Output begins at the line with "The SPF roof" and ends at the last line of the records below. Copy each line in that span exactly, and leave out pictures.

══ Dataset content ══

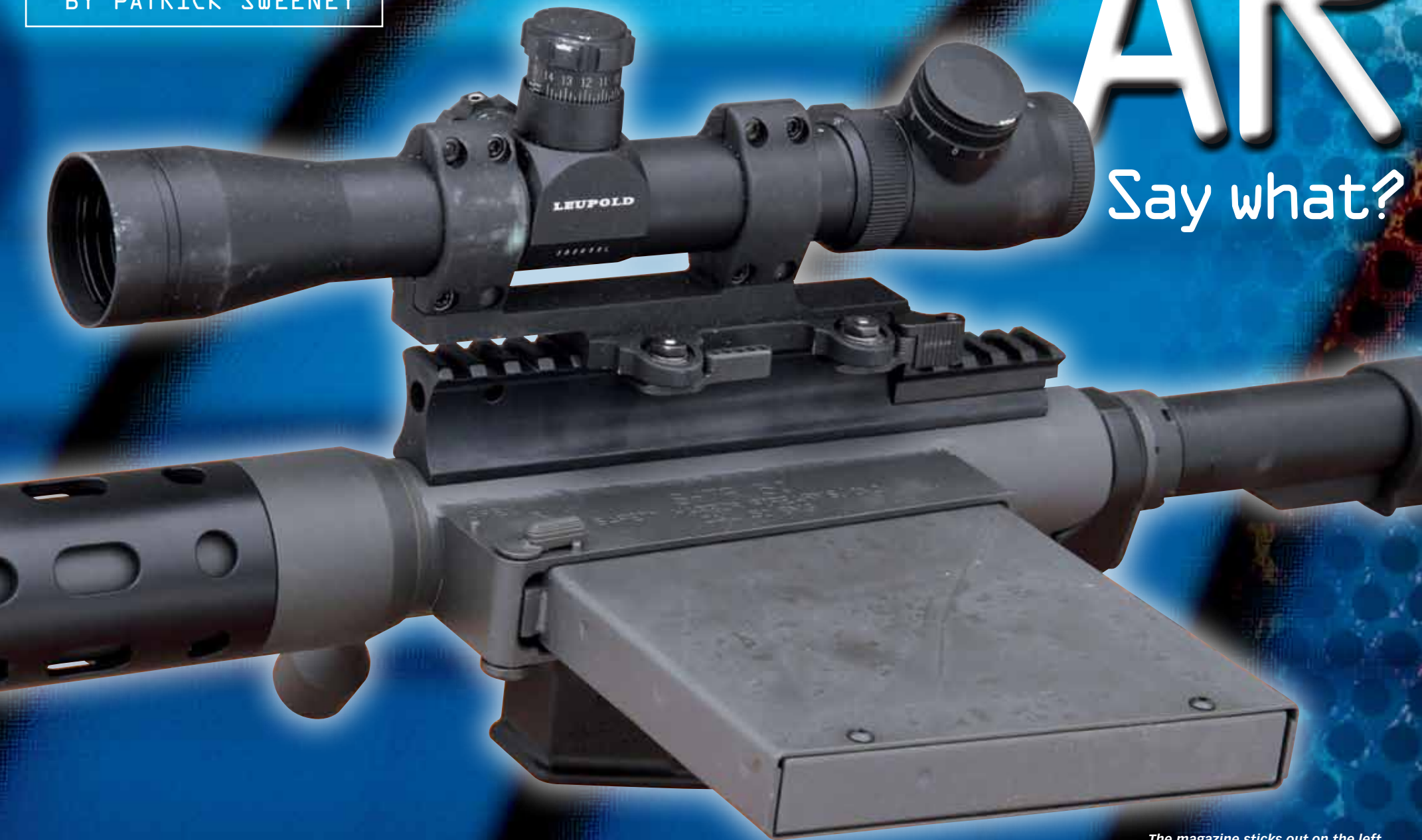
The magazine sticks out on the left side of the Safety Harbor Firearms' SHTF-50 upper. And while it feeds fine, it can feel in the way.
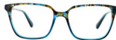
C3 - BURNT EMBER WHDARW03
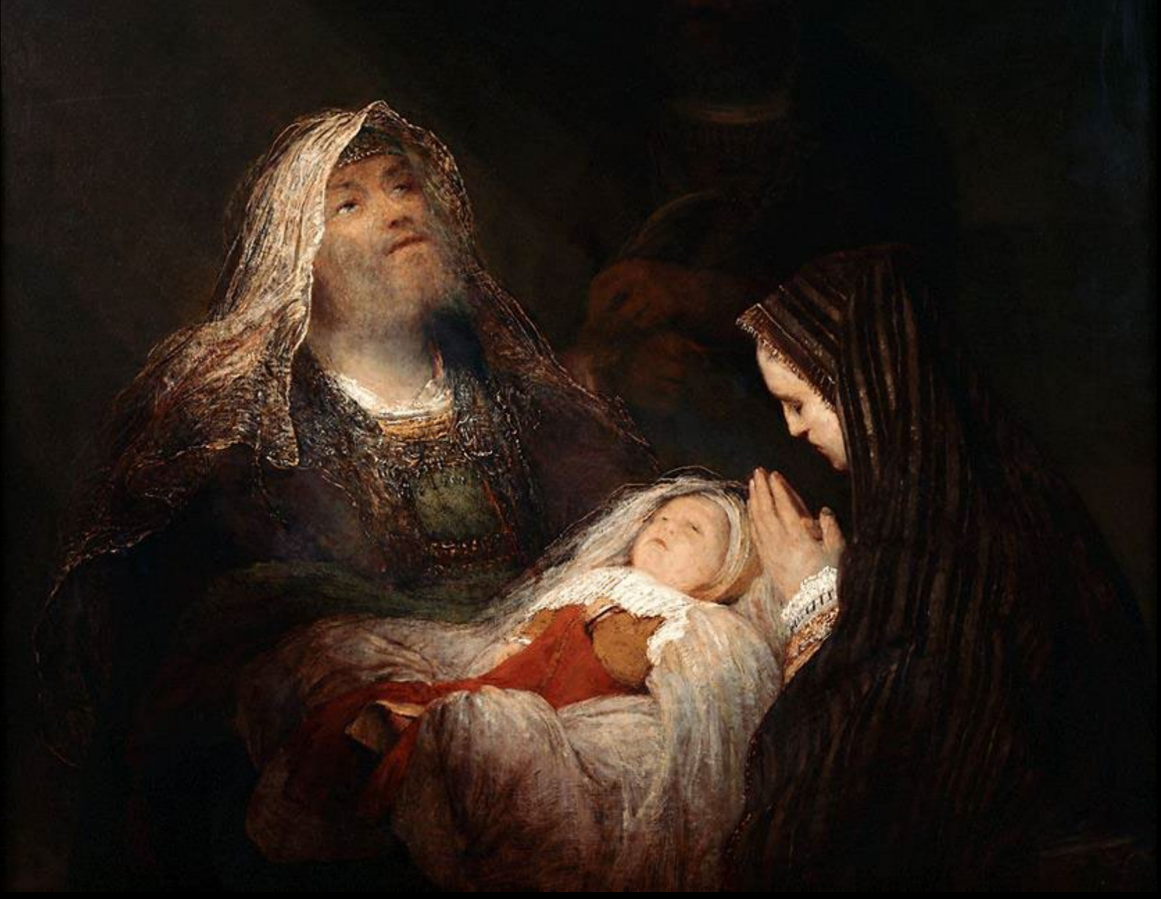
Simeon's Song of Praise (Nunc Dimittis) -- Aert de Gelder, Mauritshuis, Hague, Netherlands
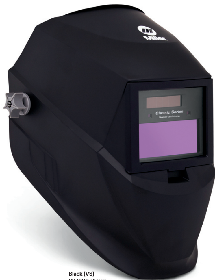
Black (VS) 287803 shown.
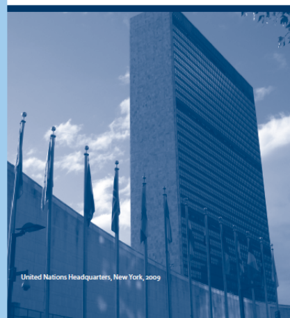
United Nations Headquarters, New York, 2009
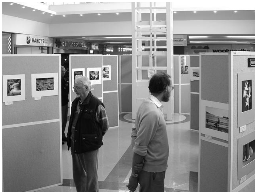
Coastlands Exhibition ( See Page 2 )

Volume 28, Issue 10 NEWSLETTER November 2004
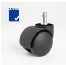
Standard 50mm Hooded Castor

Images are of 'Hooded Twin Wheel' Castors.
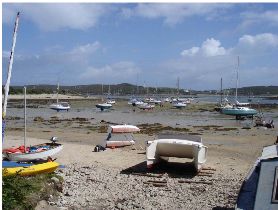
Green Bay on Bryher at low tide.

From a distance it was clear that Green Bay on Bryher was fairly full of boats but never the less we had to take a look. Sure enough it was quite crowded and difficult to find a nice spot close in with sufficient swinging room allowing some margin for the unknowns as to how each boat would lie when dried out. Further out towards the channel was too exposed for my liking with the wind as it was in the SW.
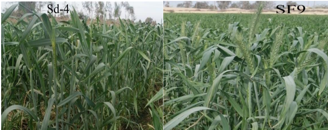
Fig. 5. The earliest heading shown by SF9 as compared with the better parent Sids-4
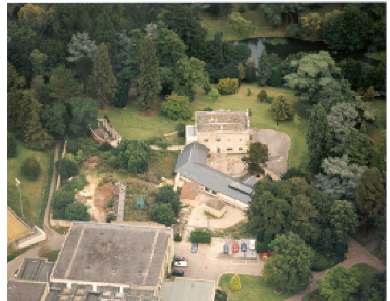
An aerial shot of Museum, the walled garden is the square area on left hand side

Stroud's Museum in the Park has been awarded a grant of just over £50,000 by Arts Council England for a community project to clear the ground in its derelict walled garden in advance of its forthcoming regeneration.
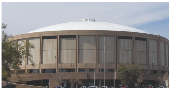
The SPF roof on the Biloxi (MS) Coliseum survived 12 hurricanes since 1979.
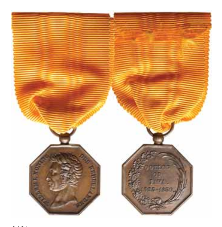
642* Netherlands East Indies, Java War (1825-30), in bronze (octagonal, 29mm), with ring top suspension and ribbon. Extremely fine.

═══

#### Written response:
The SPF roof on the Biloxi (MS) Coliseum survived 12 hurricanes since 1979.
642* Netherlands East Indies, Java War (1825-30), in bronze (octagonal, 29mm), with ring top suspension and ribbon. Extremely fine.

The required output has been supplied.